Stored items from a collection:
------------------------------------

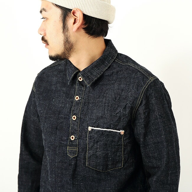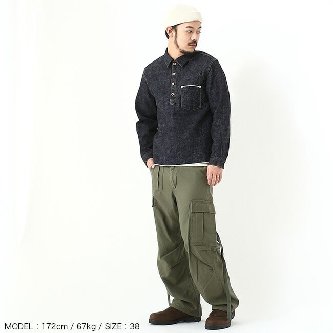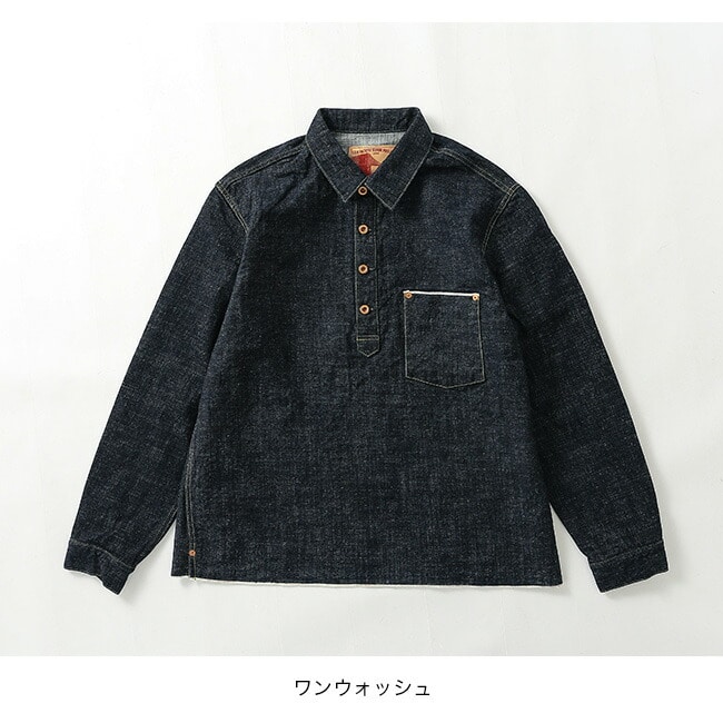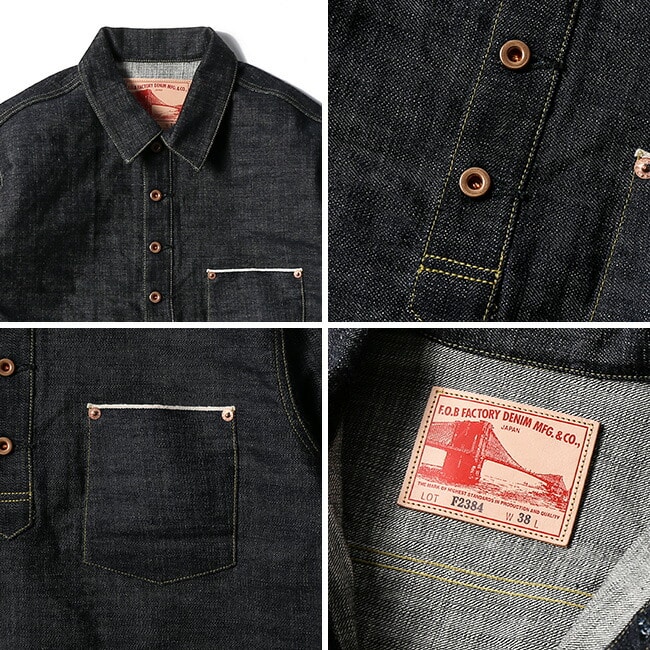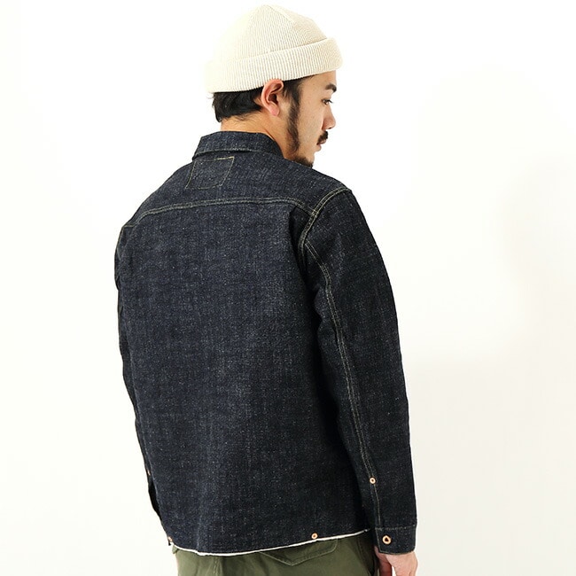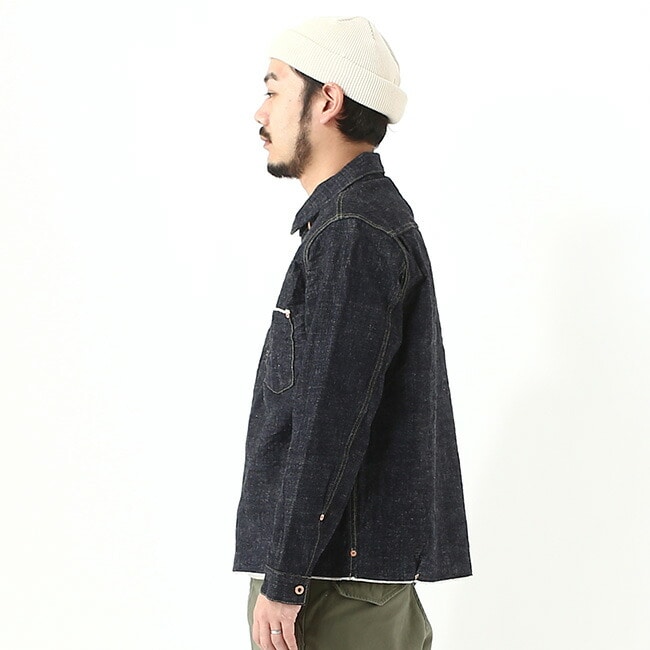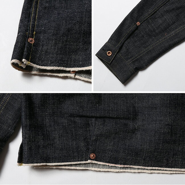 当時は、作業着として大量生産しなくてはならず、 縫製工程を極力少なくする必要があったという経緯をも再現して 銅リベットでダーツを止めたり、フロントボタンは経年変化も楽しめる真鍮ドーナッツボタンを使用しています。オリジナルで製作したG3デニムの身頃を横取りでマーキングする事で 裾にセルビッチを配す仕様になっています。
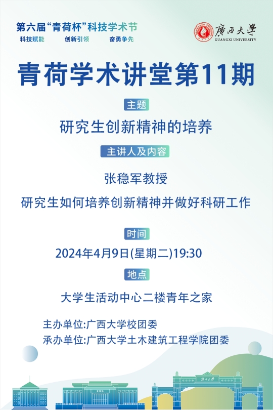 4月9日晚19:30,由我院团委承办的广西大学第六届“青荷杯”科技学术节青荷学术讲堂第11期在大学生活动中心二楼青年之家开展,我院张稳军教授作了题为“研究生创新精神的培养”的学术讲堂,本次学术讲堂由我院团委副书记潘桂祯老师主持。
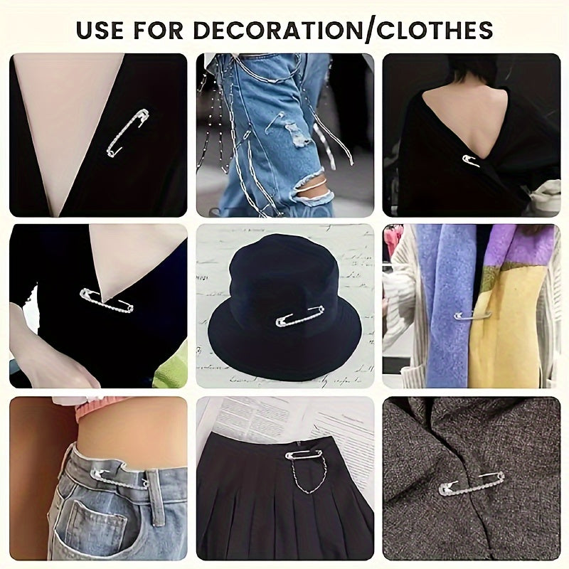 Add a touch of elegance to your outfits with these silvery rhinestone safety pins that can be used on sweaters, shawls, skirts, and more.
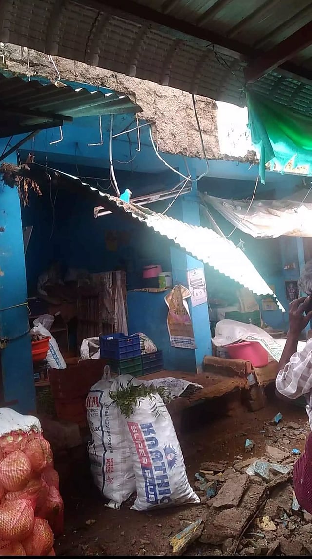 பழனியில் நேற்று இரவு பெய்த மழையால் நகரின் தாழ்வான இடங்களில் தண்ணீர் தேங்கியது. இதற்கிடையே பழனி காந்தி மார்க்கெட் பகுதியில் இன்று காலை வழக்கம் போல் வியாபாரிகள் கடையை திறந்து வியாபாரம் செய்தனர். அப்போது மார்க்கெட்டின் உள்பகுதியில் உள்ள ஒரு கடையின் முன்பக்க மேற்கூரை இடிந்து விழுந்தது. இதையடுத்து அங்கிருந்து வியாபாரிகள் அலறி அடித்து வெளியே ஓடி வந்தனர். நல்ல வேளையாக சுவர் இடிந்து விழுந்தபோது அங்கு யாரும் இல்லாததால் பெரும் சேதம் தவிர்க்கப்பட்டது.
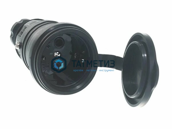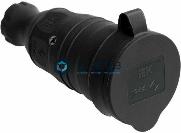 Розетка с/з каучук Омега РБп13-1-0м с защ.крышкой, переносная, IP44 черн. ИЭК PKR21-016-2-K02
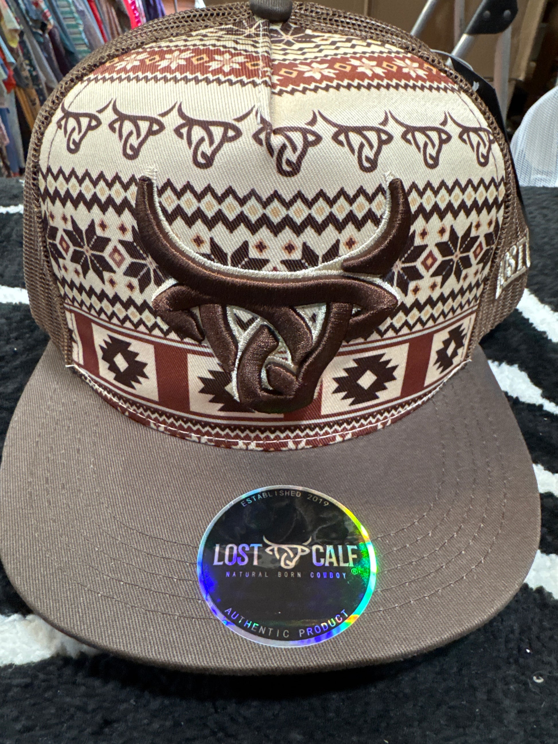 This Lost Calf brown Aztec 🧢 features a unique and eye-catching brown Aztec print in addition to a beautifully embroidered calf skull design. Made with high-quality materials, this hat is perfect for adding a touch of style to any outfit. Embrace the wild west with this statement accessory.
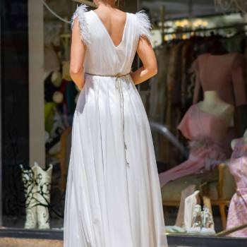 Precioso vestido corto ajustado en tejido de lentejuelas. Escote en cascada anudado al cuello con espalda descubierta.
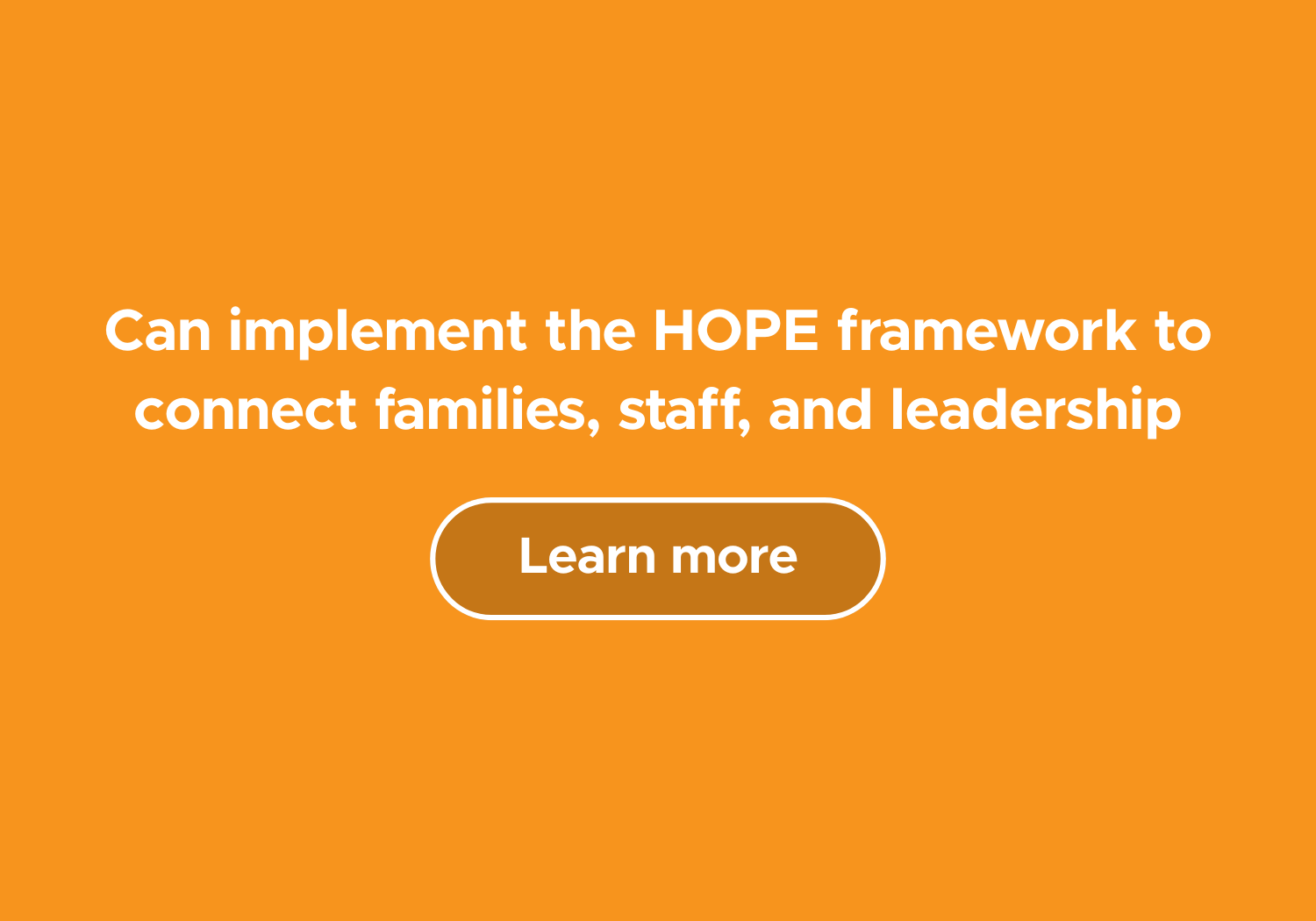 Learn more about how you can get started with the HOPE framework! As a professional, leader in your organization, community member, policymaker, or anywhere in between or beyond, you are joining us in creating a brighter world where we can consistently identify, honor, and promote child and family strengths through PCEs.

------------------------------------

◆ **WORK REQUEST**:
With the pictures omitted, copy the entries above exactly from the line containing "4月9日晚19:30,由我院" through the line containing "பழனியில் நேற்று இரவு", both lines included.

◆ **SOLUTION FOR THIS TASK**:
 4月9日晚19:30,由我院团委承办的广西大学第六届“青荷杯”科技学术节青荷学术讲堂第11期在大学生活动中心二楼青年之家开展,我院张稳军教授作了题为“研究生创新精神的培养”的学术讲堂,本次学术讲堂由我院团委副书记潘桂祯老师主持。
 Add a touch of elegance to your outfits with these silvery rhinestone safety pins that can be used on sweaters, shawls, skirts, and more.
 பழனியில் நேற்று இரவு பெய்த மழையால் நகரின் தாழ்வான இடங்களில் தண்ணீர் தேங்கியது. இதற்கிடையே பழனி காந்தி மார்க்கெட் பகுதியில் இன்று காலை வழக்கம் போல் வியாபாரிகள் கடையை திறந்து வியாபாரம் செய்தனர். அப்போது மார்க்கெட்டின் உள்பகுதியில் உள்ள ஒரு கடையின் முன்பக்க மேற்கூரை இடிந்து விழுந்தது. இதையடுத்து அங்கிருந்து வியாபாரிகள் அலறி அடித்து வெளியே ஓடி வந்தனர். நல்ல வேளையாக சுவர் இடிந்து விழுந்தபோது அங்கு யாரும் இல்லாததால் பெரும் சேதம் தவிர்க்கப்பட்டது.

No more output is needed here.